Benigno si trovava in Cile nei primi anni Settanta come esponente dei servizi segreti cubani. Avrebbe avuto l’incarico di addestrare militarmente migliaia di guerriglieri che poi, dice sempre Martinis, non si sa dove siano finiti al momento del golpe.
Nel corso della conferenza Martinis ha spiegato in questo modo i suoi “sospetti” su un non meglio chiarito coinvolgimento cubano nel golpe di Pinochet. Innanzitutto Benigno gli avrebbe detto che i rappresentanti cubani in Cile avrebbero saputo in anticipo del golpe e se la sarebbero filata prima che la situazione precipitasse, infatti la mattina del golpe una nave carica di personale cubano (3000 persone) che faceva da consulente alle industrie minerarie sarebbe salpata da Valparaiso. Come Cuba sapeva in anticipo del golpe, tanto da far evacuare i propri cittadini, si chiede Martinis, e si chiede anche perché tutte queste persone che sarebbero state addestrate militarmente proprio da Benigno non sono rimaste a combattere contro i golpisti.
Poi ha sostenuto che la guardia del corpo di Allende era costituita da 70 cubani e da 50 “cileni formati a Cuba”, che sarebbero stati addestrati dallo stesso Benigno; la prova che la maggior parte degli uomini di scorta non era cilena, starebbe nel fatto che la guardia era composta da uomini “alti venti centimetri più della media dei cileni”, e questi cubani non sarebbero stati alla Moneda con Allende nel giorno del golpe, ne sarebbero rimasti solo sette con lui.
La prova che Allende sarebbe stato tradito da Fidel Castro, sarebbe infine, sempre secondo Martinis che cita uno studio di Pierre Kalfon, il fatto che Castro, Allende e Pinochet appartenevano tutti alla medesima loggia massonica, e che sarebbe stato proprio Castro a suggerire ad Allende di fidarsi di Pinochet per questo motivo.

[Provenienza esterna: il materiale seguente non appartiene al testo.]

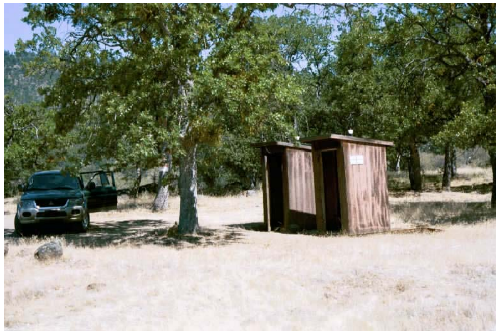
Stateline take-out (PacifiCorp and BLM)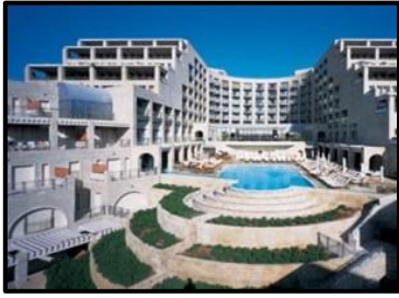
David Citadel Hotel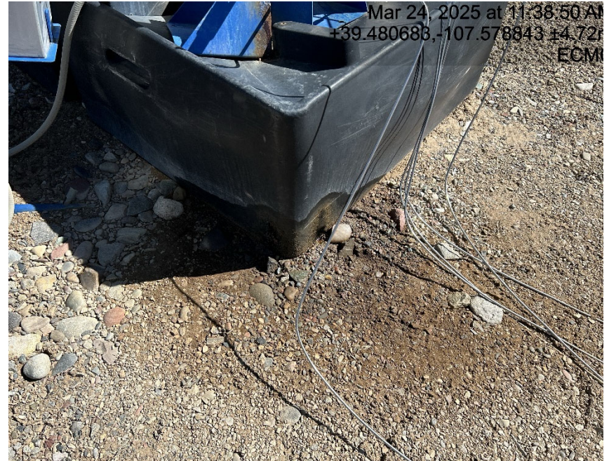
Chemical containment leaking possible chemical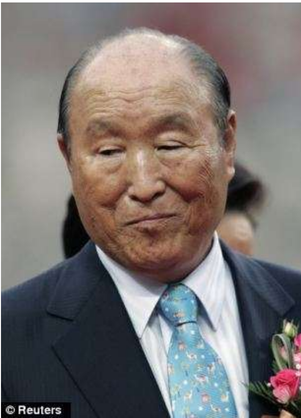
Moon started the church after claiming Jesus appeared to him while he was praying as teenager

Queste affermazioni di Martinis sulla questione cilena, a noi che abbiamo vissuto quegli anni ed abbiamo letto diverse cose sull’argomento, sembrano denotare semplicemente una grande confusione mista al desiderio di infangare Cuba e Castro nella fattispecie. Però sono anche molto gravi, visto che non è detto che tutti quelli che ascoltano questo relatore siano preparati sull’argomento e potrebbero pensare che ci sia qualche fondo di verità. Quindi è necessario fare un po’ di chiarezza.
Dato che l’appartenenza alla massoneria di Allende, Castro e Pinochet è nota da sempre, e dato che la massoneria nell’America Latina ha sempre rivestito un ruolo diverso da quella nostrana, a noi sembra del tutto logico che Castro ed Allende avessero deciso di fidarsi di Pinochet, appunto perché faceva parte della loro stessa loggia: era difficile immaginare che avrebbe tradito un “confratello”. Così come non c’è nulla di strano nel fatto che la mattina del golpe i cubani fossero stati fatti partire in fretta e furia da Valparaiso: il golpe iniziò proprio a Valparaiso, e visto quello che stava accadendo, è logico che gli stranieri decidessero di fuggire. Secondo Martinis avrebbero forse dovuto rimanere e farsi massacrare, creando oltretutto un incidente internazionale di non poco conto, con degli stranieri che si opponevano in armi all’esercito (se pure golpista) del paese che li ospitava?
E per quanto riguarda la questione del corpo di guardia, diciamo solo che lo scrittore Luis Sepùlveda, che è un pezzo d’uomo “pur essendo cileno” (del resto i cileni non sono poi tanto bassi di statura, essendo per lo più di discendenza europea) faceva parte della guardia di Allende, e non ha mai posto i problemi che si pone Martinis, il quale è così “esperto” della storia cilena che ha poi fatto una gran confusione tra il dirigente del MIR Miguel Enriquez ed il martire della resistenza a Pinochet Manuel Rodriguez, che non aveva fatto parte del MIR.
Ed infine, tanto per tagliare la testa al toro. Va bene che se si vuole gettare letame su Cuba, sulla sua rivoluzione e soprattutto su Fidel Castro, bisogna cercare di dietrologare a tutto campo, però il particolare di fondo che manca alla “ricostruzione” di Martinis è molto semplice e basilare: perché mai Castro avrebbe dovuto volere la fine di Allende e dell’esperienza di Unidad Popular in Cile?